YOUR GOAL = In the entries below, find the line with "shortage, ongoing |" and the line with "En su recorrido", then retype both and everything between them exactly. Do not copy the pictures.

EXERCISE MATERIAL =
^^^^^^^^^^^^^^^^
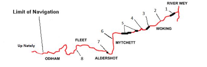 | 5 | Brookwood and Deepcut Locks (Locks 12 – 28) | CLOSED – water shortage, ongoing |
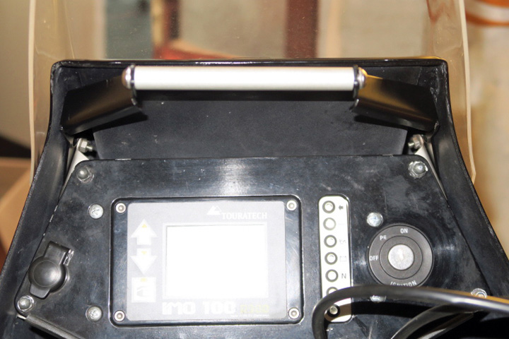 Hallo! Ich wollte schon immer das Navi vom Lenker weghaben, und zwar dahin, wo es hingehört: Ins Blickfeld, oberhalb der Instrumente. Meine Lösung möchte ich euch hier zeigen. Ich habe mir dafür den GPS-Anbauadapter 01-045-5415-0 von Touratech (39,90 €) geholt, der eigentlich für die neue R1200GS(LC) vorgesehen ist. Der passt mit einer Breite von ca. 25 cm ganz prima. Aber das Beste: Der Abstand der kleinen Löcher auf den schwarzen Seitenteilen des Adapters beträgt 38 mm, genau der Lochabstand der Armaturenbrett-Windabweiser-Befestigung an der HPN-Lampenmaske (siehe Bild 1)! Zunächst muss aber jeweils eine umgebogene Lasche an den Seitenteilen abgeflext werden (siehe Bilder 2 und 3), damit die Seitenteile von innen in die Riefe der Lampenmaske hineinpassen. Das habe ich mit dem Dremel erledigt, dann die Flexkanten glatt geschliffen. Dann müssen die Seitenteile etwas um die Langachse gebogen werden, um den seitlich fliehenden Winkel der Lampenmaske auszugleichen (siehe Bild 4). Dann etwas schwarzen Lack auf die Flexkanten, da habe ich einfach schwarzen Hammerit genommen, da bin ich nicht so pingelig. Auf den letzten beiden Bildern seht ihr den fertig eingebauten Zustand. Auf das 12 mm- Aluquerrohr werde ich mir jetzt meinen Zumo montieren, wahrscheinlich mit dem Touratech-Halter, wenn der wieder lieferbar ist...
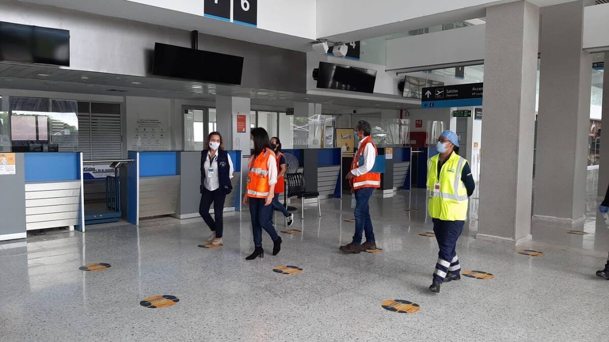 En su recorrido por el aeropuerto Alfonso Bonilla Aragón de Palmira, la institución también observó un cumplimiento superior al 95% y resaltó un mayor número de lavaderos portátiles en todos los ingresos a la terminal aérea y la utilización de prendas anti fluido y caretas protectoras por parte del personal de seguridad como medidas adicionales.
^^^^^^^^^^^^^^^^
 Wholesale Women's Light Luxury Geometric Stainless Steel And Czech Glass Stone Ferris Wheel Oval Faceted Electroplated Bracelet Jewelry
^^^^^^^^^^^^^^^^
COMPLETED TASK =
 | 5 | Brookwood and Deepcut Locks (Locks 12 – 28) | CLOSED – water shortage, ongoing |
 Hallo! Ich wollte schon immer das Navi vom Lenker weghaben, und zwar dahin, wo es hingehört: Ins Blickfeld, oberhalb der Instrumente. Meine Lösung möchte ich euch hier zeigen. Ich habe mir dafür den GPS-Anbauadapter 01-045-5415-0 von Touratech (39,90 €) geholt, der eigentlich für die neue R1200GS(LC) vorgesehen ist. Der passt mit einer Breite von ca. 25 cm ganz prima. Aber das Beste: Der Abstand der kleinen Löcher auf den schwarzen Seitenteilen des Adapters beträgt 38 mm, genau der Lochabstand der Armaturenbrett-Windabweiser-Befestigung an der HPN-Lampenmaske (siehe Bild 1)! Zunächst muss aber jeweils eine umgebogene Lasche an den Seitenteilen abgeflext werden (siehe Bilder 2 und 3), damit die Seitenteile von innen in die Riefe der Lampenmaske hineinpassen. Das habe ich mit dem Dremel erledigt, dann die Flexkanten glatt geschliffen. Dann müssen die Seitenteile etwas um die Langachse gebogen werden, um den seitlich fliehenden Winkel der Lampenmaske auszugleichen (siehe Bild 4). Dann etwas schwarzen Lack auf die Flexkanten, da habe ich einfach schwarzen Hammerit genommen, da bin ich nicht so pingelig. Auf den letzten beiden Bildern seht ihr den fertig eingebauten Zustand. Auf das 12 mm- Aluquerrohr werde ich mir jetzt meinen Zumo montieren, wahrscheinlich mit dem Touratech-Halter, wenn der wieder lieferbar ist...
 En su recorrido por el aeropuerto Alfonso Bonilla Aragón de Palmira, la institución también observó un cumplimiento superior al 95% y resaltó un mayor número de lavaderos portátiles en todos los ingresos a la terminal aérea y la utilización de prendas anti fluido y caretas protectoras por parte del personal de seguridad como medidas adicionales.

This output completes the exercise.